When we speak of motherhood and fatherhood, especially in the case of Mary and Joseph, but also in the life of the true apostle, we are literally referring to giving one’s life. It is not simply a matter of affectionate appellations; the mystical life, the intimate relationship with the divine persons, requires an incarnate origin in a person; indeed, in our spiritual life we are born again several, many times, and it is always with the direct or indirect intervention of souls who exercise authentic paternity and maternity with us.

If our Father Founder calls Mary Mother of the Mystical Life, it is because her intervention in our spiritual journey is to give us the consolation that perhaps we do not deserve and the confidence that only a mother or a father can give to a child. Truly, when we contemplate her patience, her tenderness and her obedience to God through the Child Jesus, they make us be reborn, to consider our whole spiritual life and to lose the fear of being innocent, humble, trusting.

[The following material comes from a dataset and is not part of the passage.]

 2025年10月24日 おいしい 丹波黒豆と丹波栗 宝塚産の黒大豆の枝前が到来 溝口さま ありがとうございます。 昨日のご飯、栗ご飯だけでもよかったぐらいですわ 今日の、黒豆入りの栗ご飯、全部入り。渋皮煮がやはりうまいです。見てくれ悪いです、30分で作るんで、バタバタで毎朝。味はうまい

I was at a friend’s house one time and he was holding his daughter upside down by her ankles (safely) and smiling at her. From the outside looking in, one might imagine that the baby should be freaking out. This new orientation and the strange feeling of gravity reversed must be terrifying. But looking into her eyes, I could see how calm she was. In Christ’s teachings children represent a model of openness and trust. I am never going to forget the face that that little baby was making being hung upside down like, ‘Yeah, I’m in my dad’s arms and everything is perfectly okay’.

The love of a good father, of a good mother, whether we speak of natural fatherhood and motherhood, but above all spiritual, has a great virtue: it impels us to be ourselves fathers or mothers. It is a true contagion, a desire difficult to avoid, even if we would like to repress it, to be fathers or mothers.

It can happen, of course, that if we meet an excellent doctor when we are young, we feel the desire to follow this profession, and it can even become a way of life. But only motherhood or fatherhood are able to make us unfold and release all the love that God has put in us, all the unconditional forgiveness that gushes out like lava from a volcano.

Moreover, only those who live the love of a father or a mother are capable of directing their affection and tenderness to ANY human being, which may seem a paradox. Indeed, one might think that the father and mother love their children in an unrepeatable way, but for some good reason he calls God Father and recognizes that the most insignificant of his children is called to receive a love such as He Himself received. Christ has a real need to share his joy, his joy of being a son: I have come that they may have life and have it more abundantly (Jn 10:10).